On each side of the box were brass handles. You had to hold them both, the gallery owner told them. To complete the circuit. If you wanted to make the box work right, you held both handles. You pressed your eye to the brass peephole in the front. Your left eye. And you looked inside...

The Nightmare Box is a dark and mysterious device/work-of-art which appears in the short story of the same name presented by Mrs. Clark in the Chuck Palahniuk book Haunted. Set in an art gallery, it is described as a black lacquered box on three tall legs, brass handles on either side and a small peephole in the front. At random intervals, controlled by a timer inside, a button could be pressed which would trigger a flash of light through the peephole. Only when the timer had expired could the image inside be seen, although patrons in the art gallery look through the peephole despite the timer ticking away inside the box. The odd appearance of the piece, its unpredictability and its ominous-sounding name create an expectation in the viewer that the image revealed will be something fearful. Strangely, though, the gallery patrons seem to have a light-hearted curiousity regarding the box and its secret view.

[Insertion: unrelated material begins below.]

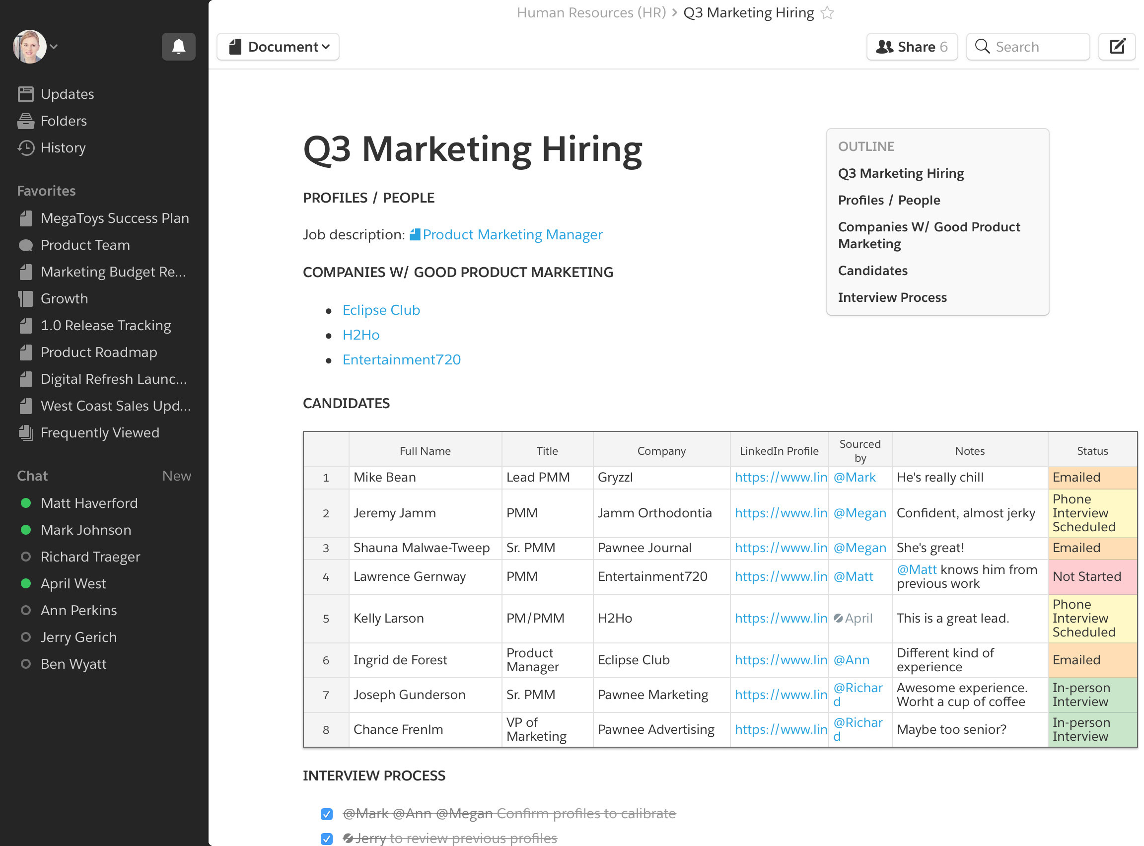 Finding new teammates requires a focused approach, constant coordination, and top-notch communication from your HR team. Quip is the spearhead your team needs to land your next big fish.

Warning: Potential Spoilers Ahead

Exactly what the box reveals to the viewer remains a mystery throughout the book (similar to the briefcase in Pulp Fiction), though it is assumed that the box always shows the same image. Each of the four people said to have looked inside all go crazy. Not stark raving mad, mind you, but they each give up on Life in their own way. Mrs. Clark's daughter, Cassandra, becomes catatonic and eventually disappears. An antiques-shop owner hangs himself in the back of his shop. The only person to look into the box and give any description of what is inside is the owner of the art gallery where the box resides. He describes the view as "a glimpse of the real reality" and says, "Our world is a dream." While this explanation is not the most original and does take away some of the mystique (albeit at the very end of the story), the full description by the owner does leave readers with a sense of what it might be like to peer into the Nightmare Box for themselves.